The appropriate role of state governments in the merger review process has been the subject of vigorous debate among academics and policymakers. Supporters of state involvement argue that states may have unique local knowledge of competitive conditions or other comparative advantages which allow them to add value to the enforcement efforts of federal antitrust watchdogs at the Department of Justice (DOJ), the Federal Trade Commission (FTC), and the Federal Communications Commission (FCC). Critics question the benefits of state intervention, and also point to the costs, arguing that state reviews are duplicative, costly, and involve unnecessary delays. Critics also note that state enforcers face incentives to place parochial political interests ahead of overall consumer welfare or the broader public interest, and thus to impose merger conditions that benefit narrower constituencies to the detriment of the public at large. NERA has analyzed data that suggest these concerns are especially apposite to public utility commission (PUC) reviews of communications mergers. 

Verizon retained NERA to write a study that presents an empirical analysis of the effects of state PUC oversight of mergers involving communications carriers. NERA Managing Director Dr. Jeffrey A. Eisenach and Senior Consultant Dr. Robert Kulick explain that PUCs typically operate—like the FCC—under a broad and nebulous “public interest” standard, where the burden of proof is with the merging parties, unlike in antitrust review, where the burden is on the government. Also like the FCC, PUCs’ decisions not to approve mergers are, for procedural reasons, almost impossible to challenge in court. Thus, PUCs have a high degree of hold-up power over transactions, which allows them to extract “voluntary” concessions with little oversight. Further, unlike the FCC—which assesses the public interest from a national perspective—PUC interventions under the public interest mantle are often motivated by parochial concerns and local political interests. Thus, perversely, the merger conditions imposed by PUCs frequently come at the direct expense of other states and undermine the achievement of national merger efficiencies.

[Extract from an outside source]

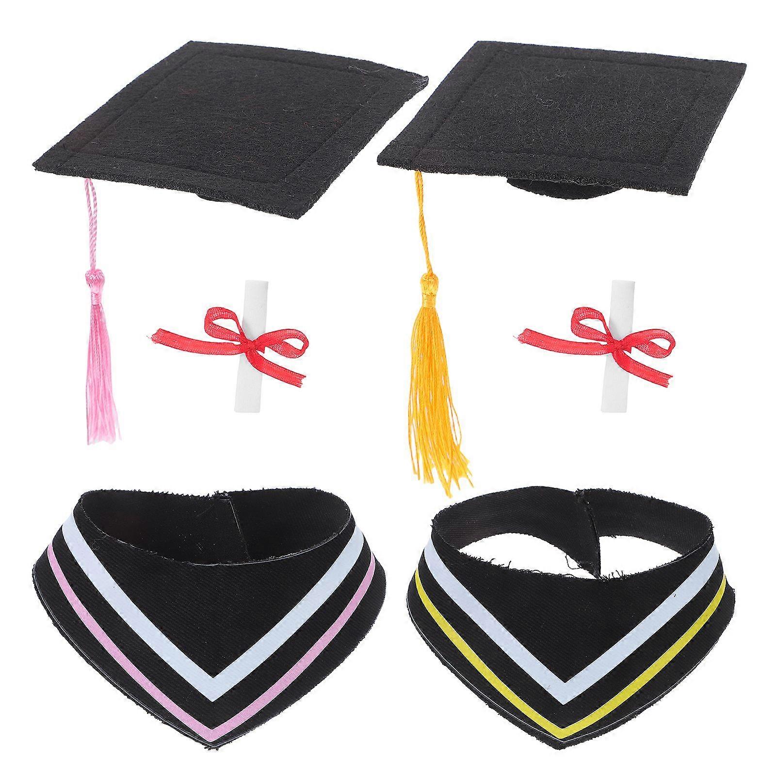2 Sets Graduation Bear Doll Costume With Collar And Cap Plush Stuffed Animals Outfit For Graduation Party Decoration Replaceable Clothes Accessories F

The study goes on to discuss the law and economics of merger enforcement, focusing on both the substantive and procedural factors that bear on the appropriate role of state regulatory bodies in the review process and to present evidence based on a review of 40 major communications sector mergers from 2010–2017. Based on this review, Dr. Eisenach and Dr. Kulick present their empirical findings regarding the extent and nature of PUC interventions in communications mergers. They conclude with a brief summary of the findings.

Dr. Eisenach and Dr. Kulick’s analysis of the frequency and characteristics of PUC interventions in communications mergers provides new evidence that states impose significant and unnecessary costs in the form of procedural burdens and delays, and that the concessions they extract tend to serve narrow interests rather than the overall public interest.

The findings provide empirical support for concerns raised by academics and policymakers about the effects of state intervention in merger reviews, especially when interventions are undertaken by PUCs under a public interest standard in which the merging parties bear the burden of proof. PUC interventions in communications mergers impose significant direct and indirect costs on the merging parties. Because mergers are a key mechanism for reallocating resources to their highest valued economic uses, the costs and delays imposed by PUCs ultimately harm overall consumer welfare and economic performance. The use of merger reviews by PUCs to impose conditions on firms offering IP-based services (including conditions specifically relating to broadband) is increasingly at odds with federal policy, which preempts such services from state oversight in favor of a uniform national approach. Accordingly, policymakers at both the federal and state level should consider reforms that would significantly constrain the ability of PUCs to intervene in communications mergers.